Unreife Lymphozyten auf Wanderschaft
Fast alle heute lebenden Wirbeltiere verfügen über ein adaptives Immunsystem, das den Körper gegen unerwünschte Eindringlinge wie Bakterien, Viren oder auch körpereigene entartete Zellen schützt. Eine zentrale Rolle dabei spielen die T-Lymphozyten (T-Zellen), die körperfremde Moleküle (Antigene) erkennen und eine gezielte Immunabwehr in Gang setzen. Die Vorläufer der T-Zellen stammen aus dem Knochenmark.
Von dort aus wandern die noch unreifen Lymphozyten in den Thymus, ein zentrales Organ des Immunsystems. Dort differenzieren sie sich zu einer Vielzahl von T-Zellen mit unterschiedlichen Aufgaben aus, bevor sie als reife Zellen in den gesamten Körper entlassen werden. Hier spüren sie Antigene auf. All dies wird durch ein komplexes Zusammenspiel verschiedener Gene gesteuert. Über die Evolution dieses ausgeklügelten Systems war bisher allerdings wenig bekannt.
Chordatiere im Visier der Forscher
Einem Team um Boehm ist es nun gelungen, dies zu ändern: Der Thymus entstand danach auf der Basis alter genetischer Netzwerke. Um das herauszufinden, untersuchten die Wissenschaftler Chordatiere unterschiedlicher evolutionärer Entwicklungsstufen. Dazu gehören neben den Wirbeltieren unter anderem auch die Schädellosen – kleine fischförmige Tiere ohne knöchernen Schädel – deren heute noch lebende Vertreter die Lanzettfischchen sind.
Anhand vergleichender Genom- und Expressionsanalysen an Lanzettfischchen, Neunaugen und Haien entwickelten die Forscher Modelle und testeten sie an Knochenfischen.
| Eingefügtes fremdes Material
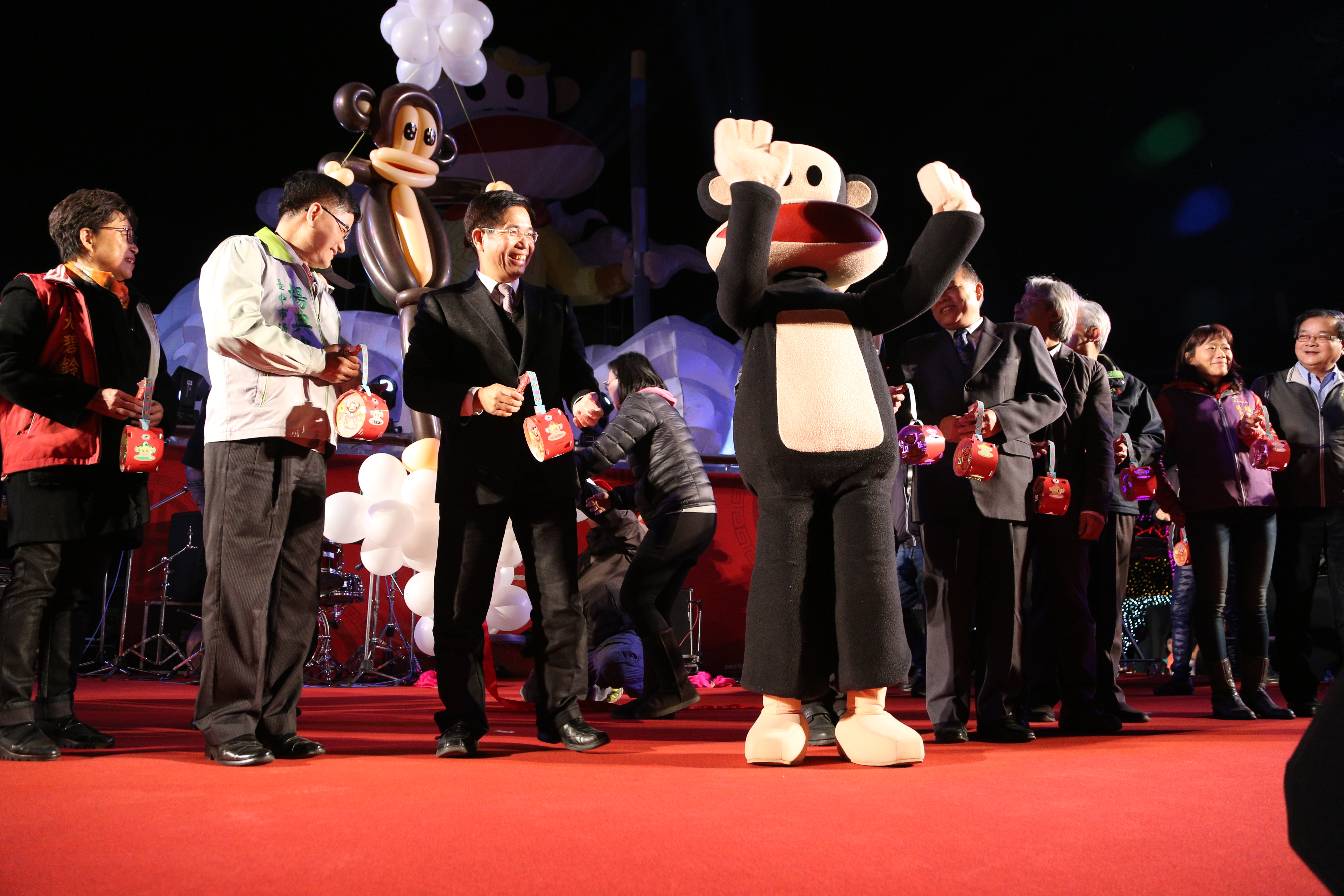 台中副市長潘文忠今晚8時在觀光旅遊局長陳盛山、文化局長王志誠、民政局長蔡世寅的陪同下,主持清水港區藝術中心燈區點燈儀式,啟動主燈「鴻福齊天‧清水大盛」大嘴猴,象徵「坐鎮清水‧鎮威八方」。市議員王立任、楊典忠、尤碧鈴、顏莉敏,也到場共襄盛舉。
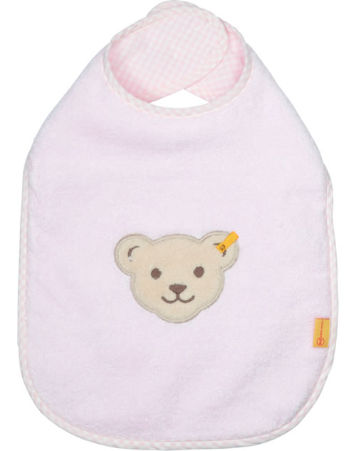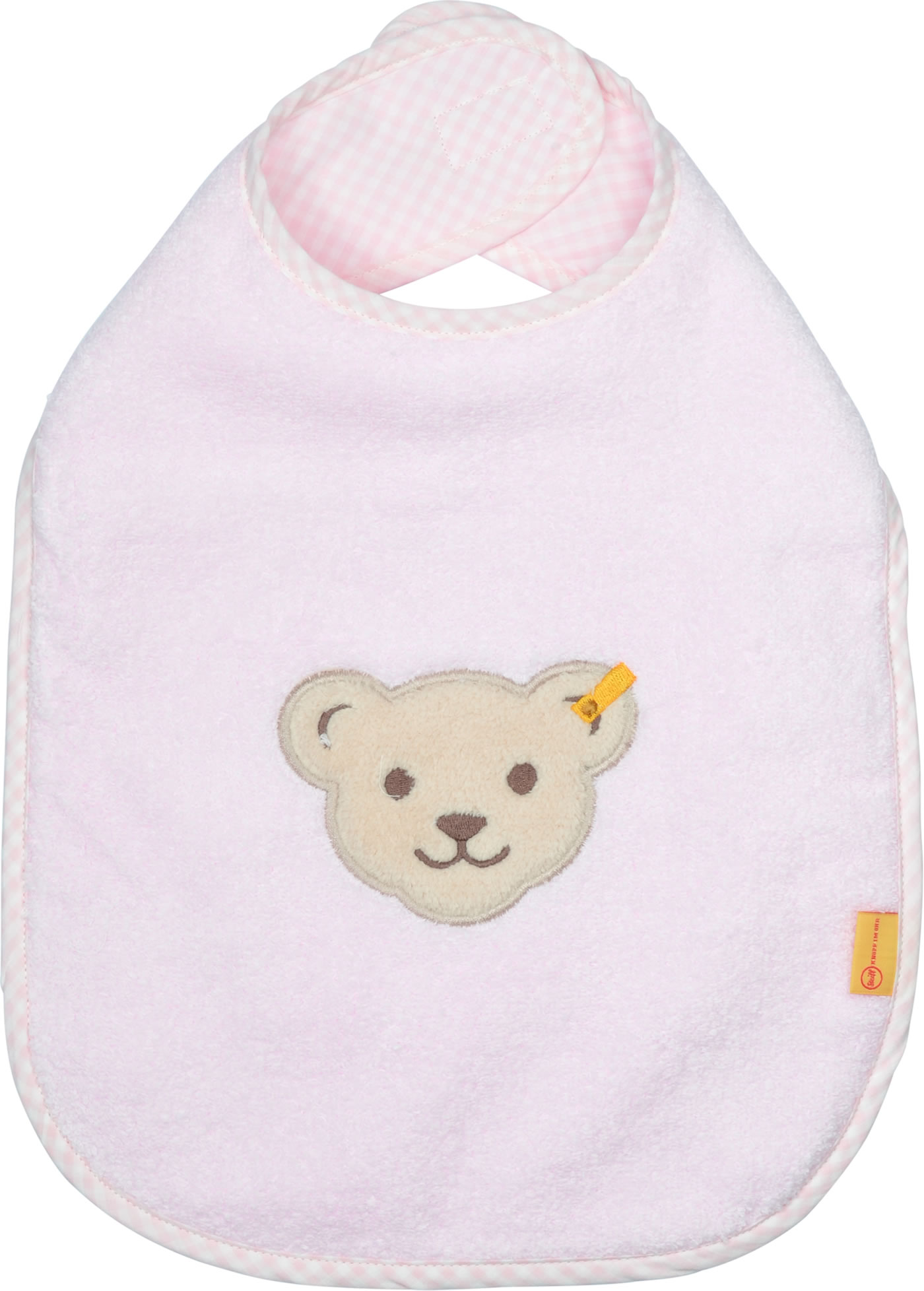 Niedliches Lätzchen mit Klettverschluss von STEIFF. Auf der Vorderseite befindet sich die STEIFF Plüsch-Bären-Applikation.

Auf diese Weise konnten sie die Evolution des Thymus rekonstruieren.
Transkriptionsfaktor Foxn1 entscheidend
Wie die Max-Planck-Wissenschaftler bereits vor einigen Jahren herausfanden, ist für die Ausbildung des Thymus der Transkriptionsfaktor Foxn1 entscheidend. Nun zeigte sich, dass das Foxn1-Gen innerhalb der Wirbeltiere zum ersten Mal bei Haien auftritt – zeitgleich mit einem anatomisch nachweisbaren Thymus. Die Entstehung des Organs lässt sich somit auf einen Zeitpunkt vor etwa 500 Millionen Jahren datieren.
„Erste Vorläufer des Foxn1-Gens treten aber schon bei stammesgeschichtlich älteren Chordatieren wie Lanzettfischchen und Neunaugen auf“, erklärt Boehm. Genprodukte ließen sich im Schlundgewebe nachweisen – eine Erklärung, warum sich der Thymus in dieser Region entwickelt hat.
Chemische Lockrufe
Voll ausdifferenzierte T-Lymphozyten finden sich in diesem Areal allerdings erst bei höheren Wirbeltieren. Die Wissenschaftler vermuteten deshalb, dass beim Übergang zu höheren Wirbeltieren zusätzliche genetische Faktoren hinzukamen, die Lymphozyten in diese Region „lockten“.
Vergleichenden Genomanalysen und funktionelle Untersuchungen erbrachten den Nachweis: Spezielle Chemokine, kleine Signalproteine, lösten die Wanderungsbewegung der Lymphozyten aus. Sie sind entscheidend für die Besiedlung der Region durch Lymphozyten – und somit für die Entwicklung von T-Zellen und Thymus.
Alte genetische Netzwerke als Grundlage
„Die Ergebnisse zeigen, wie auf der Grundlage alter genetischer Netzwerke ein neues Organ entstehen kann“, sagt Boehm. Die neuen Ergebnisse sind auch von medizinischer Bedeutung: „Die genetischen Grundlagen zu erforschen, die zur Evolution des Thymus führten, hilft uns, dieses wichtige Organ besser zu verstehen“, erklärt der Wissenschaftler.
Die Forscher hoffen daher, dass ihre Ergebnisse auf lange Sicht auch Patienten mit Immunerkrankungen zugute kommen, die an mangelnder Infektabwehr leiden.